- [SUPPLIED ENTRIES]

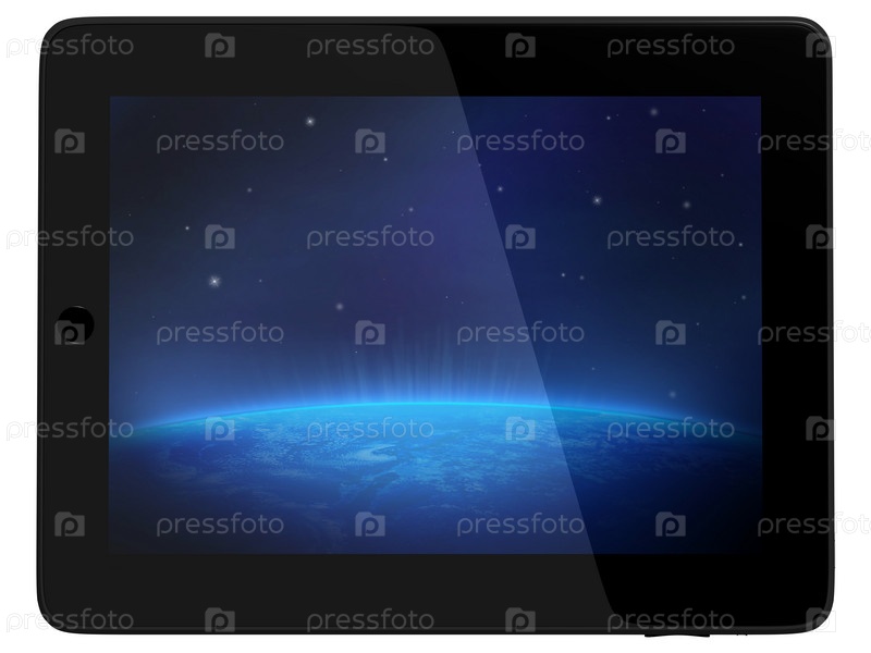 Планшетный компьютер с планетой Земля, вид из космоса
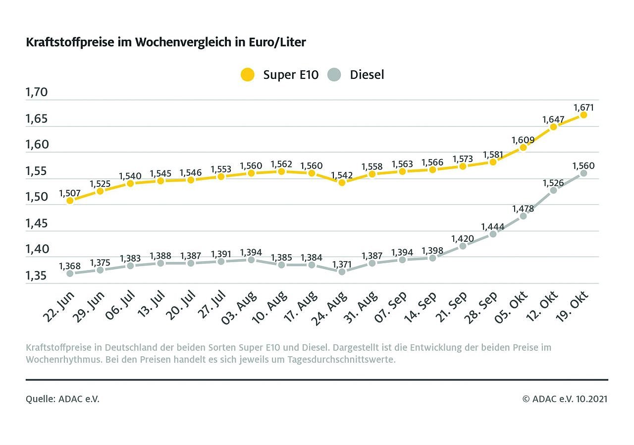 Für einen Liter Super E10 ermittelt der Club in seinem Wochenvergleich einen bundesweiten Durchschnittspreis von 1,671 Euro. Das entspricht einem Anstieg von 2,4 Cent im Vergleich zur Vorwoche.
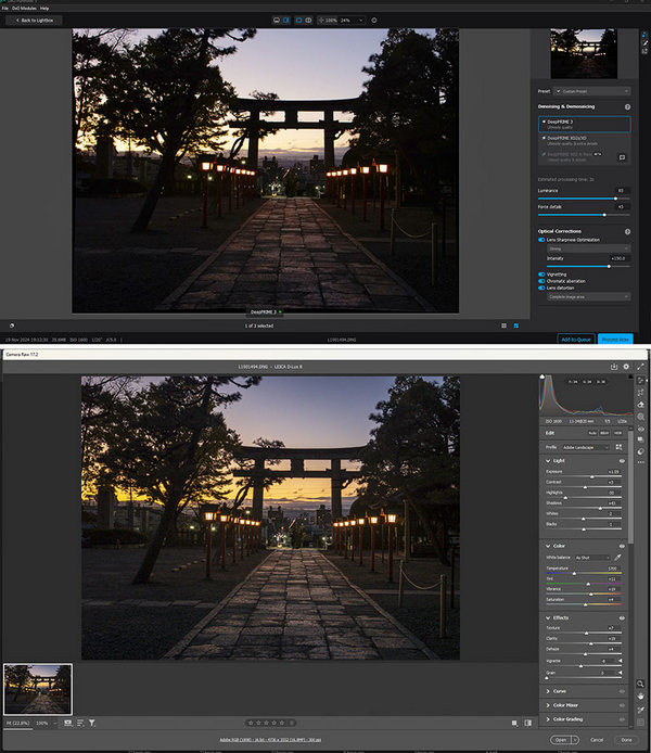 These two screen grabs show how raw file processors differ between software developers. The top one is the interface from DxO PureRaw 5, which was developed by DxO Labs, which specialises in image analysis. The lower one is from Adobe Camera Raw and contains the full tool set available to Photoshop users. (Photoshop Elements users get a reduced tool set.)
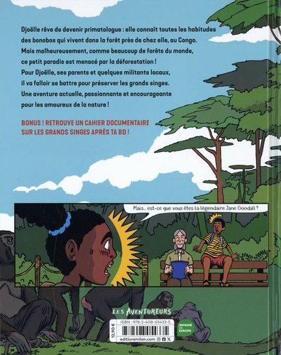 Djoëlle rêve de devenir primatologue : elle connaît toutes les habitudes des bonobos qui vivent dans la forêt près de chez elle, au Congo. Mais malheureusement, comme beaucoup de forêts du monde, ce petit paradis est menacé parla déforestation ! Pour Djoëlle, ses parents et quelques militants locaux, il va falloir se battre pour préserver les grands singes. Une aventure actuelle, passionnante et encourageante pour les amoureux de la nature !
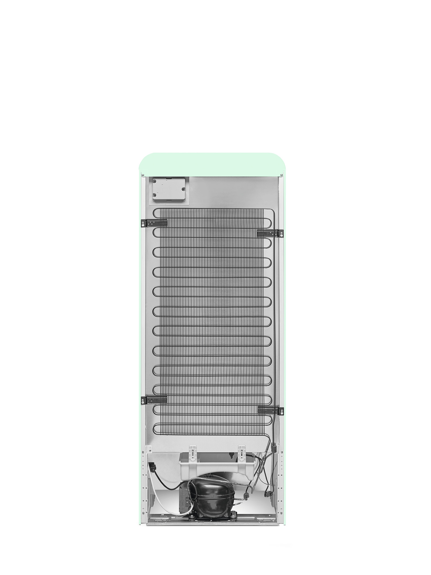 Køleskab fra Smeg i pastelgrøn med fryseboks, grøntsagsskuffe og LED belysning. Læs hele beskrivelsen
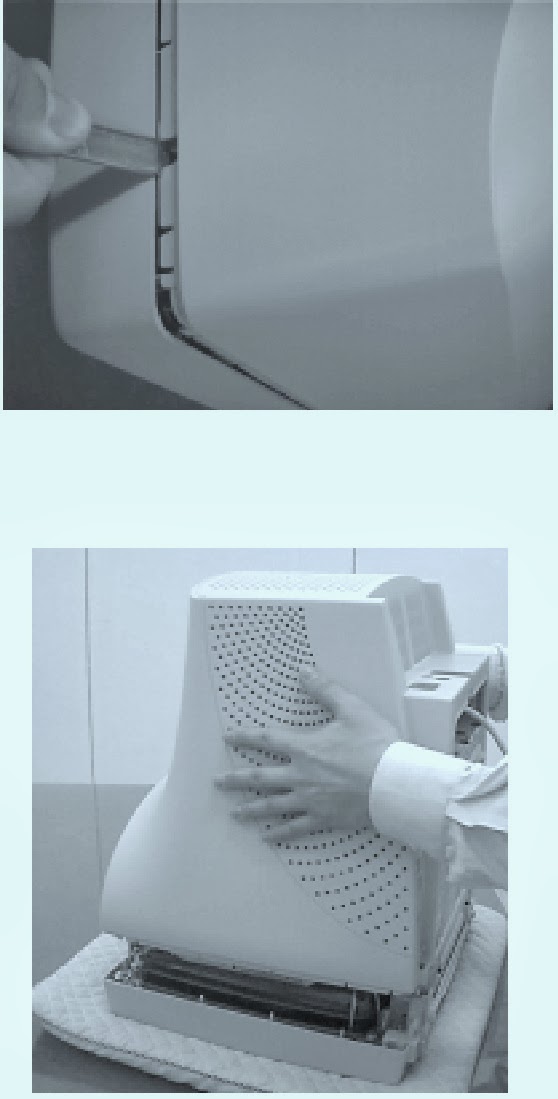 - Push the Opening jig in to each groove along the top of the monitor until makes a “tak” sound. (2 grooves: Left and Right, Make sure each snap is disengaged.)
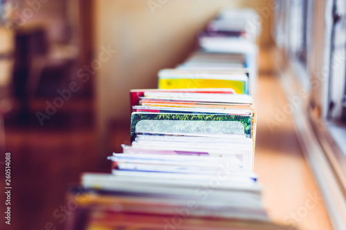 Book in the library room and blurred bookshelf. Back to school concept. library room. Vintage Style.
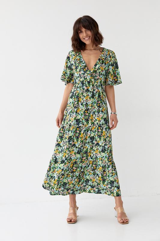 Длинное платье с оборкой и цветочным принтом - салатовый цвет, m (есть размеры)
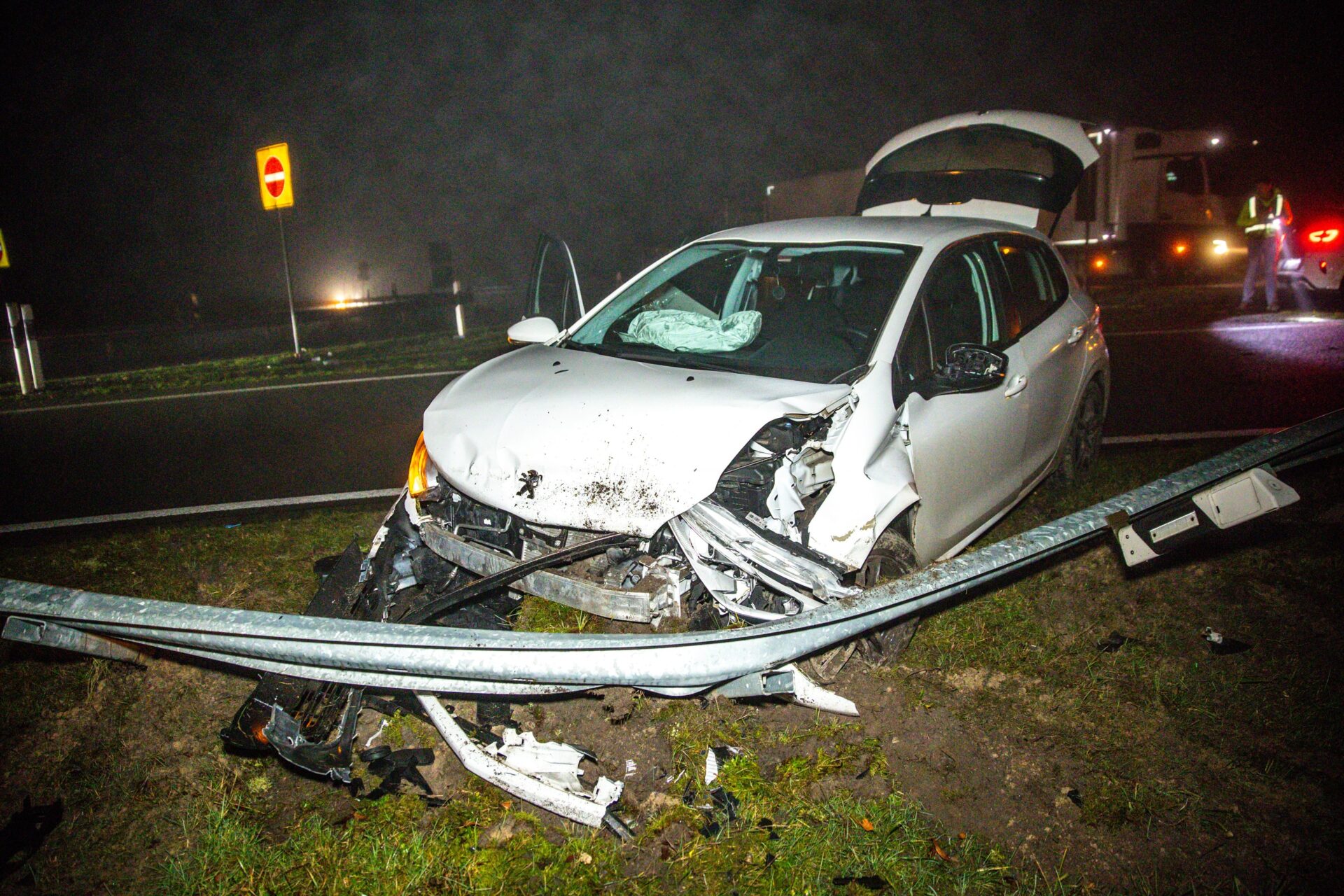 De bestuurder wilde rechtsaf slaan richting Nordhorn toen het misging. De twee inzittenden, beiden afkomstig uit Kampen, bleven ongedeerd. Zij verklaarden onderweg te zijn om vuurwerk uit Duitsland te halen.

- [EXERCISE DETAILS]
From the listing above, please give again the lines that begin with the line holding "Für einen Liter" and go on through the line holding "These two screen", exactly, both ends included, minus any picture.

- [ANSWER TO THE EXERCISE]
 Für einen Liter Super E10 ermittelt der Club in seinem Wochenvergleich einen bundesweiten Durchschnittspreis von 1,671 Euro. Das entspricht einem Anstieg von 2,4 Cent im Vergleich zur Vorwoche.
 These two screen grabs show how raw file processors differ between software developers. The top one is the interface from DxO PureRaw 5, which was developed by DxO Labs, which specialises in image analysis. The lower one is from Adobe Camera Raw and contains the full tool set available to Photoshop users. (Photoshop Elements users get a reduced tool set.)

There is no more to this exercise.